Tövbenin kademeleri tasavvufta üç kısımda belirtilir: Tevbe/dönmek, inâbe/yönelmek ve evbe/gitmek. Ebû Alî ed-Dekkâk (ö.
405/1014)’a göre tövbenin başlangıcı, tövbe/dönmek, rücû etmek, ortası, inâbe ve sonu, evbedir. Cezadan korkarak tevbe eden kişi,
sâhib-i tevbedir. Bir kişi sevap umup, cezadan da korkarak tevbe ederse, o da sâhib-i inâbedir. Fakat, sevap ve cezayı bir yana
bırakarak, sâdece emri yerine getirmiş olmak için tevbe eden kişi ise, sâhib-i evbedir.

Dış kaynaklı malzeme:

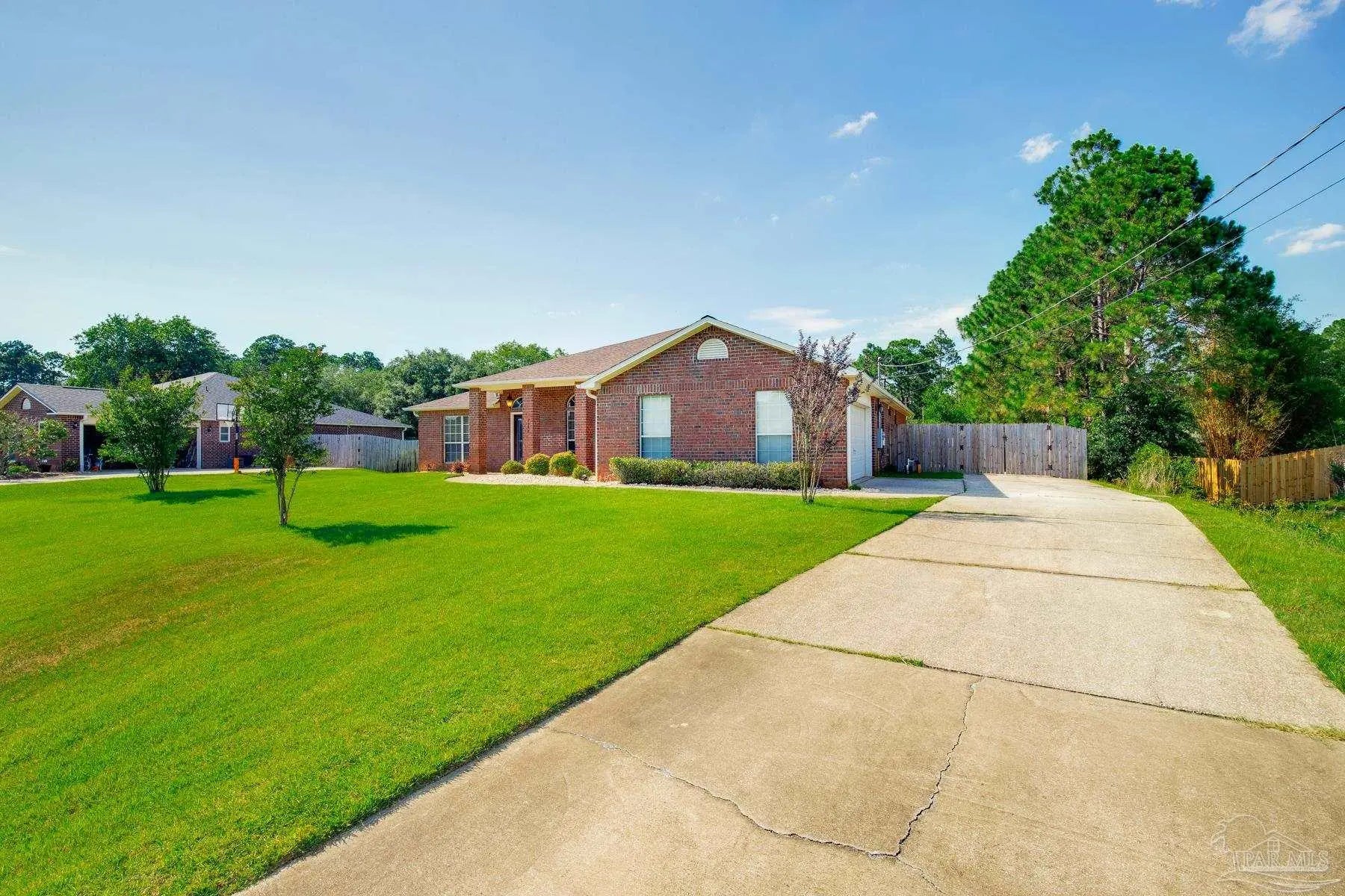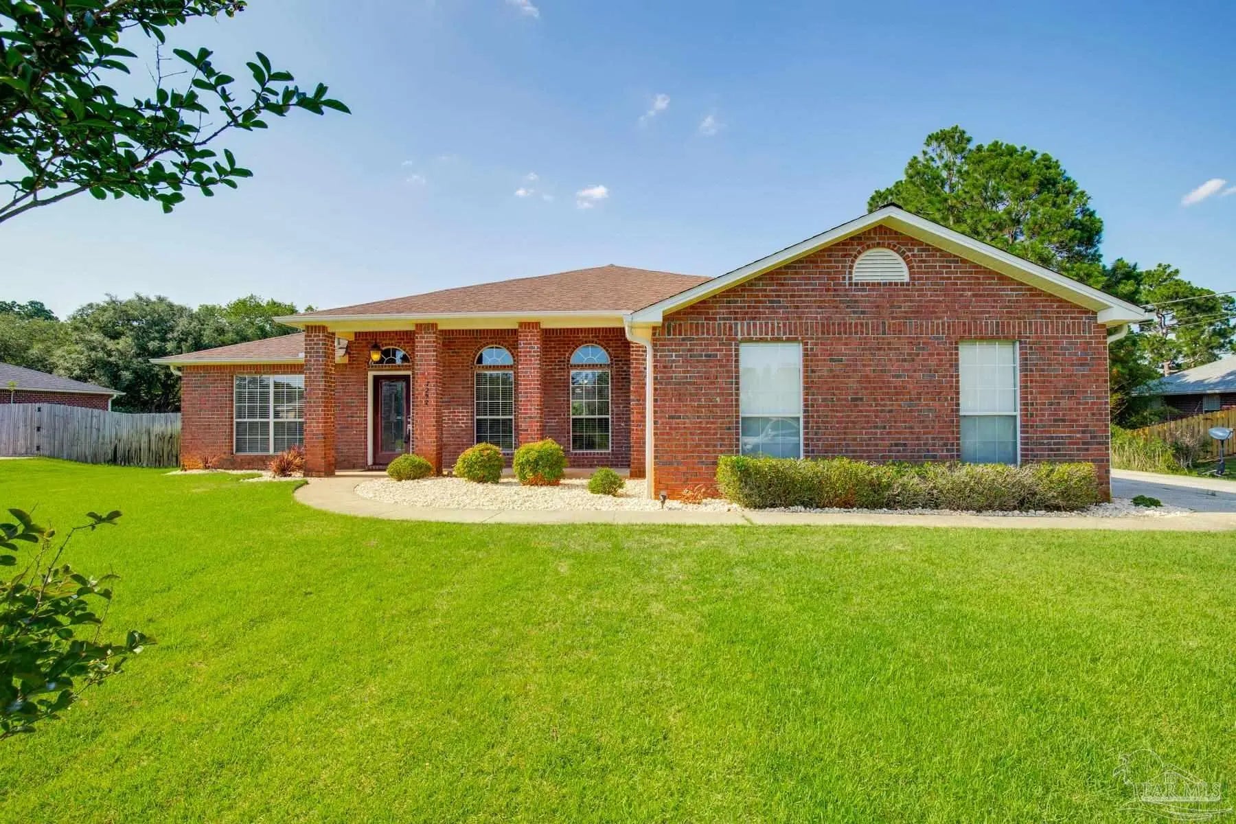 Welcome to this meticulously maintained brick home in Navarre's Holley By The Sea neighborhood! This spacious property boasts 4 bedrooms, 3 full bathrooms, an office space or bonus room, and a formal dining space. Situated on a 0.453 acre lot with a generous sized fenced in backyard and an extended concrete pad from the side entrance garage and driveway - PERFECT for additional parking or storing your boat or RV behind the gate. Inside this split floor plan home, you'll find gorgeous wood-look waterproof flooring throughout the kitchen, dining, and main living spaces. The eat-in kitchen is a chef's DREAM- with stainless steel appliances, breakfast bar, plenty of cabinet and counter space, pantry, and kitchen island. Looking over the breakfast bar into the living room, you'll see the fireplace and the slider doors that lead to the covered, tiled patio in the beautifully landscaped backyard. Ready for your outdoor entertaining! The primary bedroom has its own wing of the house - just off the living room.Featuring a spa-like ensuite with double vanity, soaking tub, separate walk-in shower, water closet, and a fantastic oversized closet! On the other side of the house, you'll find the additional bathroom, 3 additional bedrooms - 2 of which share a Jack & Jill bathroom - and the laundry room. Roof replaced in 2014. Brand new HVAC system in 2022, and new water heater in 2021.Outside fence and gates were replaced in 2023. The property also has a garden box, Lawn Pump/Sprinklers, a shed out back for extra storage, and no neighbors behind you. Another perk - enjoy access to all of Holley By The Sea's amenities with your HOA membership - including a boat ramp, 8 clay tennis courts, a community event hall, 3 different pools, exercise room, and more!Schedule your showing today and make this house your HOME!
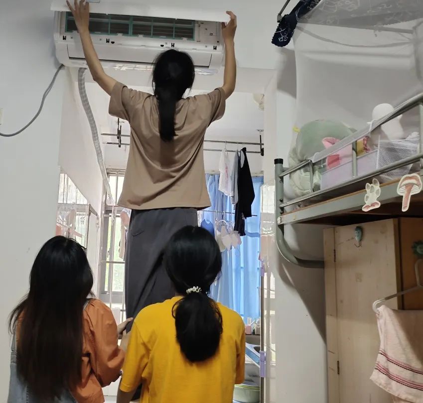 4月22日下午,学生支部的预备党员及入党积极分子在辅导员伍老师的带领下,走进榴园宿舍开展了为宿舍的空调滤网义务清洗的志愿服务活动。
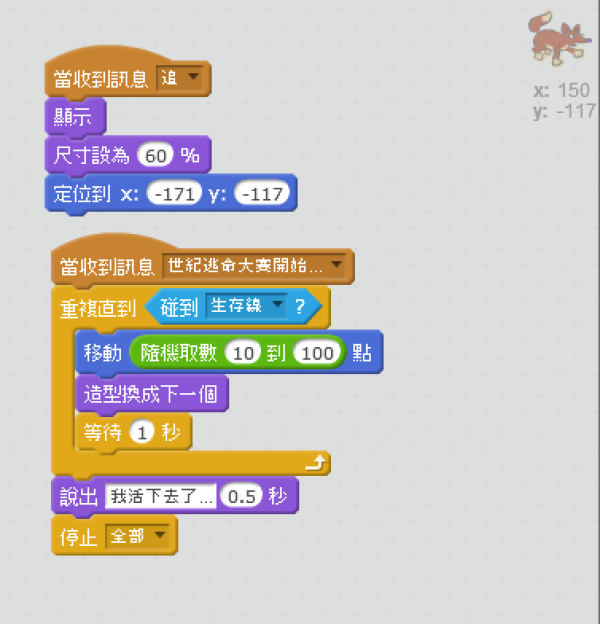 5.狐狸的程式碼,隨機步數的設定,停止全部,增加造型
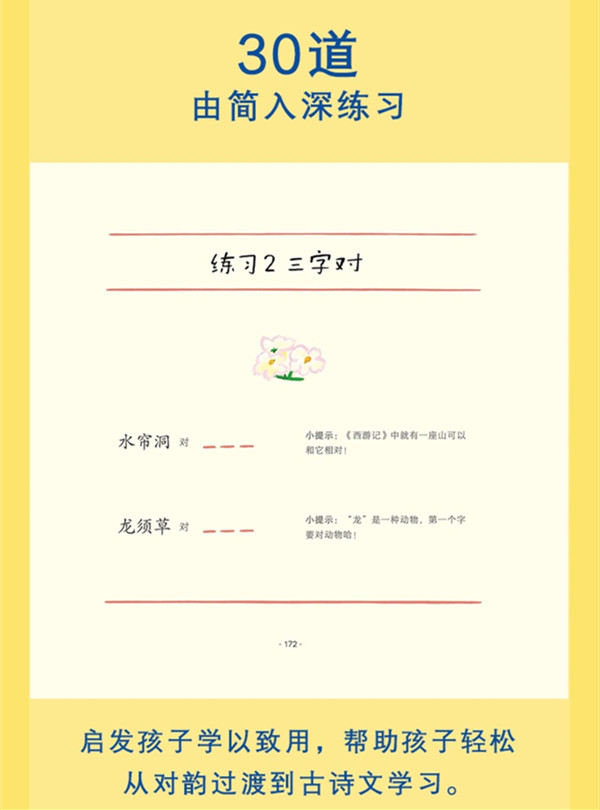 “声律启蒙”是古人学诗作文的综合性入门课,集中体现了汉语之美。“云对雨,雪对风”“山川异域,风月同天”“桃里春风一杯酒,江湖夜雨十年灯”……在私塾书声中滋养了一代代中国孩童,包括鲁迅、老舍、蔡元培、陈寅恪等文史大家。全国小学语文名师丁慈矿,二十年来带领孩子们读对韵、对对子,他从历代声律读物中精心甄选,按汉语拼音编韵,融入现代元素,将适合孩子的对韵汇编成书,于是有了这本《给现代孩子的声律启蒙》。这本贴近孩子、富于童趣的小书,激活传统经典,传承优雅汉语,只为帮助孩子成为爱生活、有情趣、懂审美的现代人。本书配有童声朗读音频,还特别邀请到风靡全国的《苔》诗谱曲演唱者梁俊,为全书录制诗性领唱音频,孩子会唱就会背,会背就会对。插画师阿毛毛连通孩子脑洞,创作极具现代感的中国风插图,营造出图画书般的愉悦阅读氛围。丁老师精心选编三十道练习,由简入深,方便孩子学以致用,感受到“对”的涵义,“韵”的乐趣。
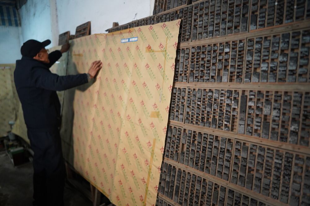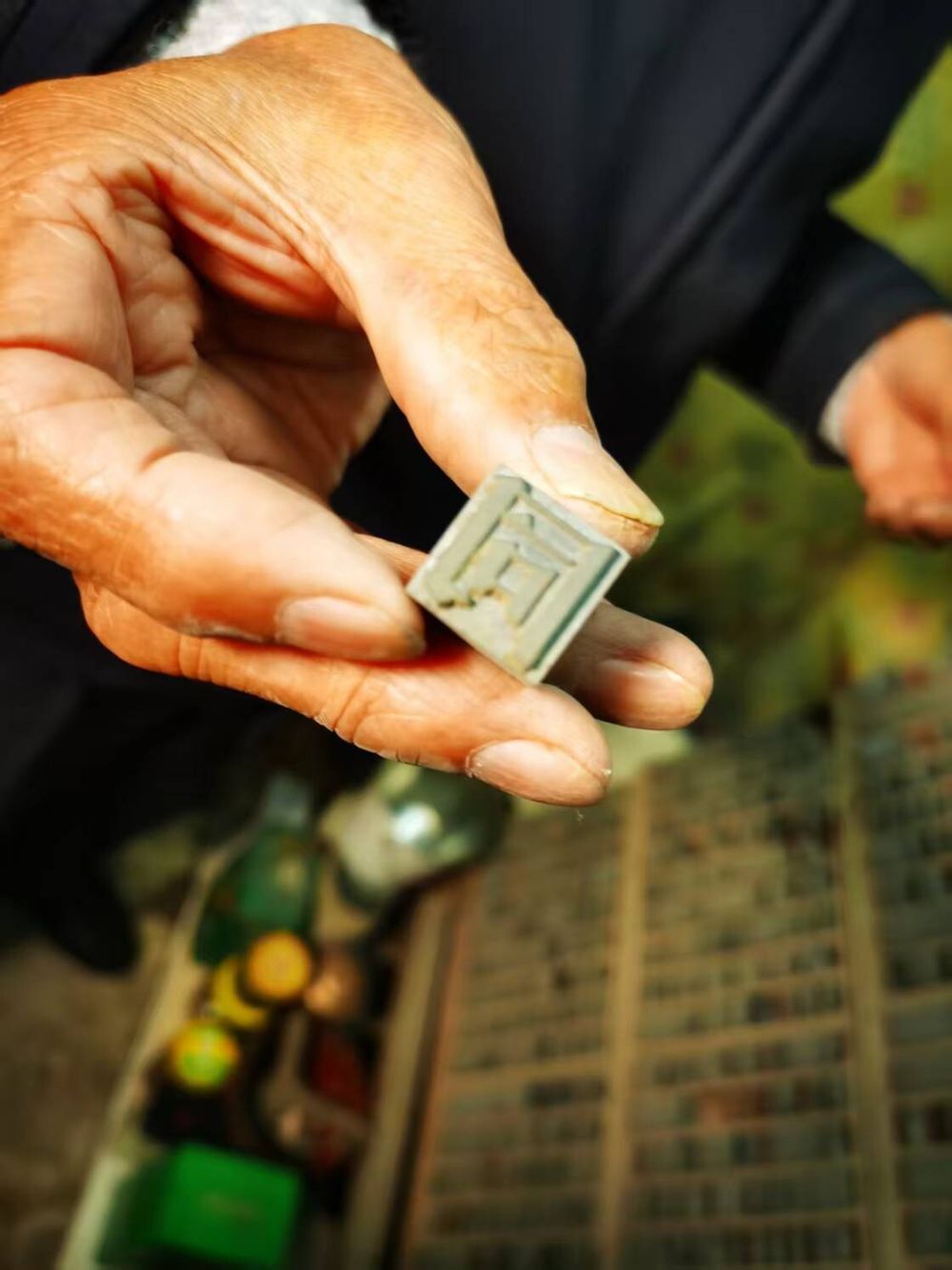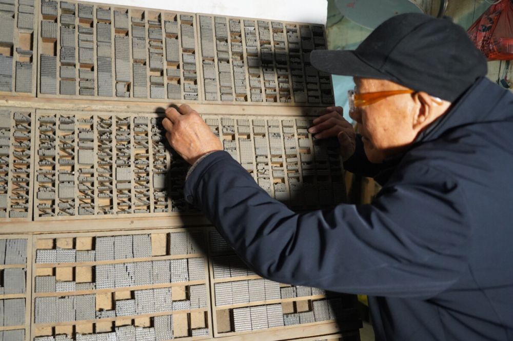 “第一步是拣字。”他拿出一个光滑的木制字托,熟练地在字架间穿梭,将需要的字丁精准取出放入托中。紧接着,他将拣好的字放置在一个铁制的平面字盘里,拼出版样。“有些铅字使用次数多了,就‘老’了,印出来的字迹会模糊不清,这时就要及时更新。”盛诗经一边忙着手里的活一边说道。
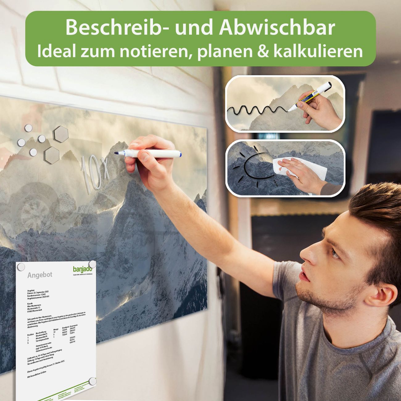 Jede Glas Magnettafel wird in unserer Werkstatt von Hand gefertigt und sorgfältig geprüft. So erhalten Sie ein echtes Qualitätsprodukt, das Funktion und Ästhetik perfekt vereint.?? Warum banjado?
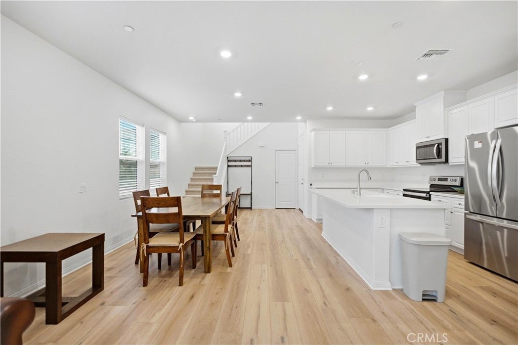 Welcome to this beautifully upgraded detached condo located in the highly desirable Rembrandt Community, a modern and newer neighborhood ideally situated directly across from a brand-new town shopping center, offering exceptional convenience for dining, shopping, and daily living. This spacious and thoughtfully designed home features approximately 2,100 square feet of living space with no common walls, providing the privacy and feel of a single-family residence. The functional floor plan offers 4 bedrooms and 3 bathrooms, plus a versatile second-floor loft— perfect for a home office, media space, or kids’ study area. The property has tons of upgrades and is located in a prime location within the neighborhood. The main level showcases an open-concept kitchen with a center island, seamlessly connecting to the dining and living areas, ideal for entertaining and modern family living. Front yard landscaping is conveniently maintained by the HOA, allowing for low-maintenance ownership. Residents enjoy resort-style community amenities including a pool, spa, meeting center, pickleball courts, BBQ area, and a beautifully maintained park. The home also includes leased solar, offering potential energy efficiency benefits. This home combines modern design, functional space, and prime location — an excellent opportunity to own in one of the area’s most sought-after newer communities.
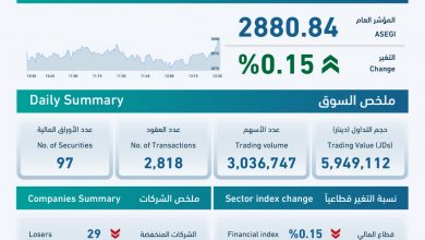 حرير- اغلقت بورصة عمان، اليوم الأحد، تداولاتها على ارتفاع نسبته 0.15 بالمئة الى مستوى 2880 نقطة. وبلغت كمية الأسهم المتداولة…

Tövbe mü'minlerin sıfatı, inâbe evliyanın sıfatı, evbe ise resul ve nebilerin sıfatıdır. Bu üç kavramı şu şekilde de açıklamak
mümkündür: Tâib günahtan dönmüş, münîb günahlardan arınmış, evvâb ise günahla alâkasını kesmiş kişi demektir.

Hucvîrî (ö. 465/1072)’ye ait şu tanımlamayı ererek tövbe konusunu özetleyebiliriz: Tövbe, kebâir/büyük günahlardan tâata dönüş;
inâbe, seğâir/küçük günahlardan mahabbete dönüş, evbe ise nefsten Allah'a dönüştür.